[What the exercise asks] Restate word for word the section of the entries that opens at the line containing "Respecto al déficit" and closes at the line containing "и его музыканты", both lines kept, pictures dropped.

[Data in this exercise]

★ ★ ★ ★ ★

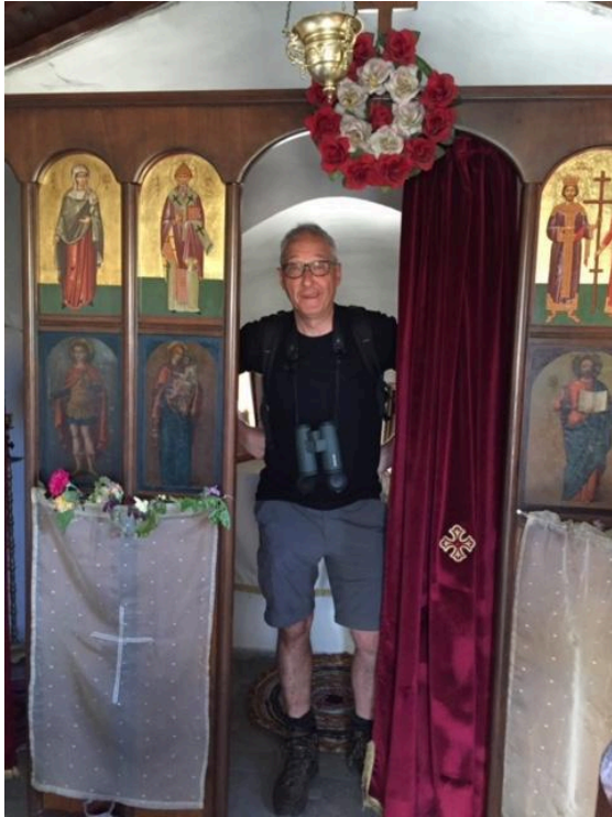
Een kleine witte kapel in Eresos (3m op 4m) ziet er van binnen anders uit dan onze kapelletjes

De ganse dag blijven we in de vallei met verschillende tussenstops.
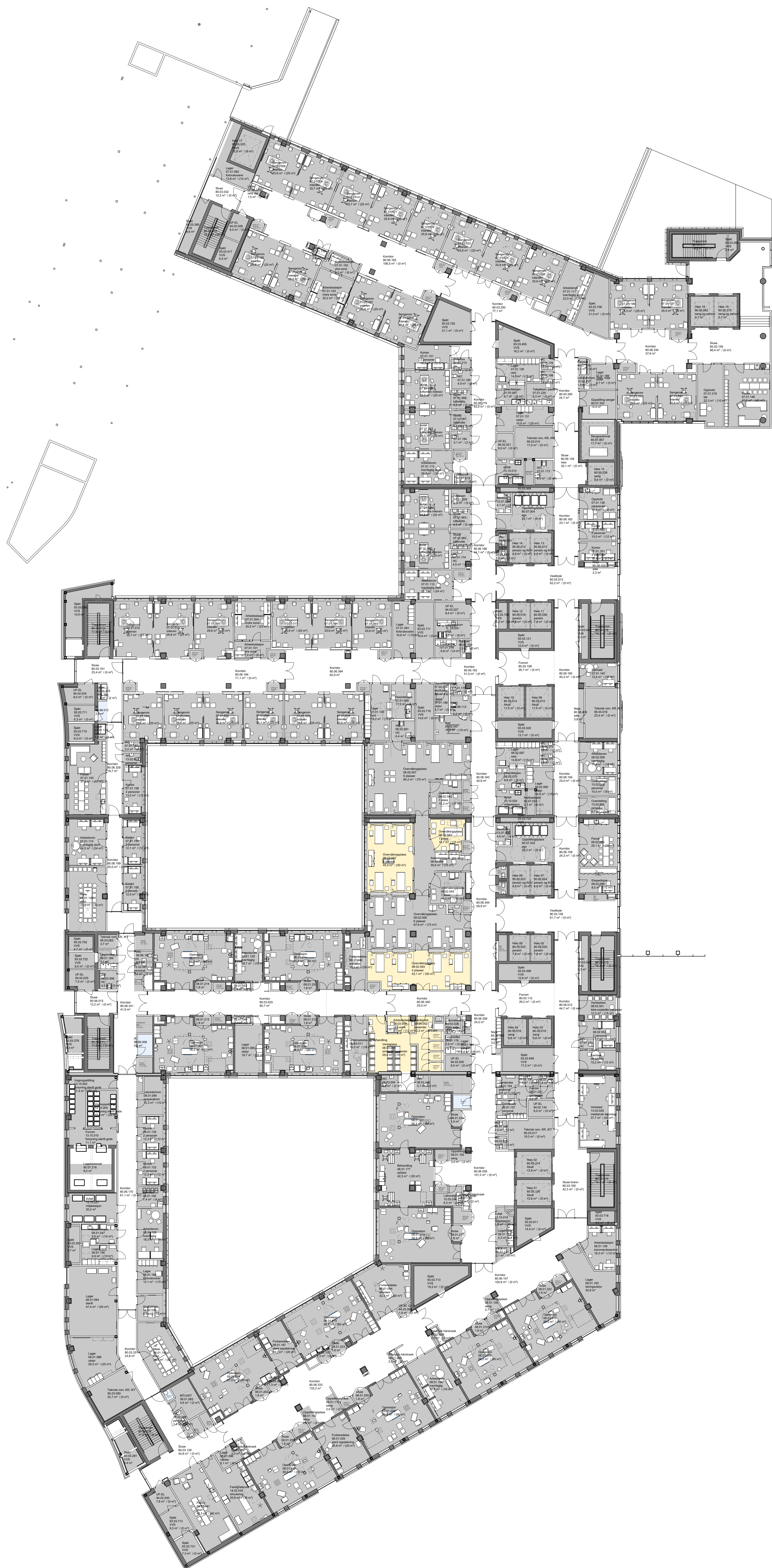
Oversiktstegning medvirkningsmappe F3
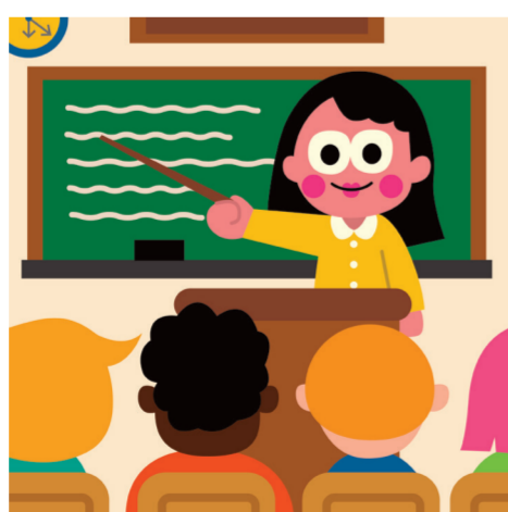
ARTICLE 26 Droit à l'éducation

★ ★ ★ ★ ★

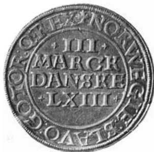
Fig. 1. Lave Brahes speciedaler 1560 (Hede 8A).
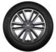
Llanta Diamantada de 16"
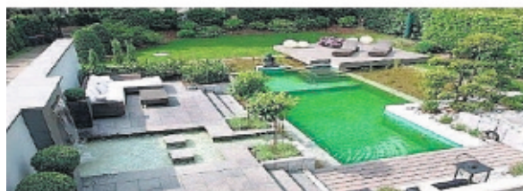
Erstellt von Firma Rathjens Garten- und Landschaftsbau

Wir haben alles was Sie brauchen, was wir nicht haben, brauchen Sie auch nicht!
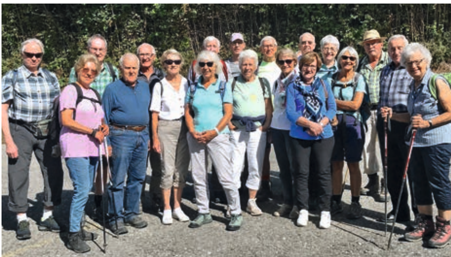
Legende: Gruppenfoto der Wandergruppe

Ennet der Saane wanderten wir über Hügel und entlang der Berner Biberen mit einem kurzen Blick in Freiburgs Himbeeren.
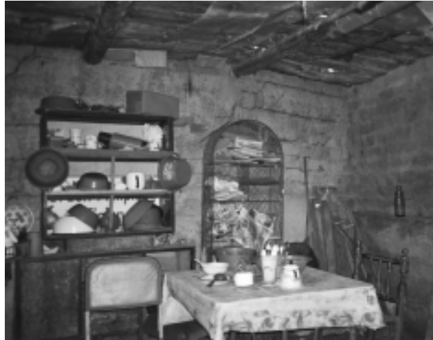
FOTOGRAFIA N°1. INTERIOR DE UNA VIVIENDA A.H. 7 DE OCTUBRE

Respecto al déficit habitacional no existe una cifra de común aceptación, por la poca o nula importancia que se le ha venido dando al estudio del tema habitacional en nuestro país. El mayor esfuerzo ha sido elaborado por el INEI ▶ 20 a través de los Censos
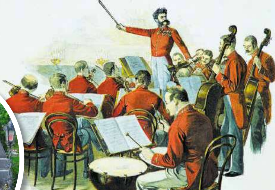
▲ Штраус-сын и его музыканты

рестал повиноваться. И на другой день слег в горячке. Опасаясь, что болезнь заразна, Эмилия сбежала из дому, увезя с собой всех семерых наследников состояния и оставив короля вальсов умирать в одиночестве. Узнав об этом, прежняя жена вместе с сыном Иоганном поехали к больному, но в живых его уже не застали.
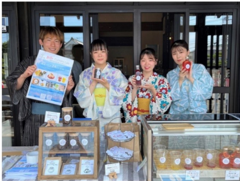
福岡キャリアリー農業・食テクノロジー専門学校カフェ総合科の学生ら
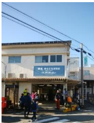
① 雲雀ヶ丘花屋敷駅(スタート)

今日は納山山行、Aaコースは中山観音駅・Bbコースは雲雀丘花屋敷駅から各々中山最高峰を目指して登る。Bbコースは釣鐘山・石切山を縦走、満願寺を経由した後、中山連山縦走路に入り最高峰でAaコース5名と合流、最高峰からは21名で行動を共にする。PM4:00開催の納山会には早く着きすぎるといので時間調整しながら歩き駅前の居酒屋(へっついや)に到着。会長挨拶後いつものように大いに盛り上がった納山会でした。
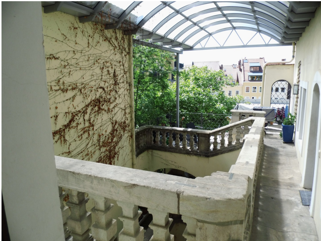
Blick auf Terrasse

★ ★ ★ ★ ★

[Exercise solution]
Respecto al déficit habitacional no existe una cifra de común aceptación, por la poca o nula importancia que se le ha venido dando al estudio del tema habitacional en nuestro país. El mayor esfuerzo ha sido elaborado por el INEI ▶ 20 a través de los Censos
▲ Штраус-сын и его музыканты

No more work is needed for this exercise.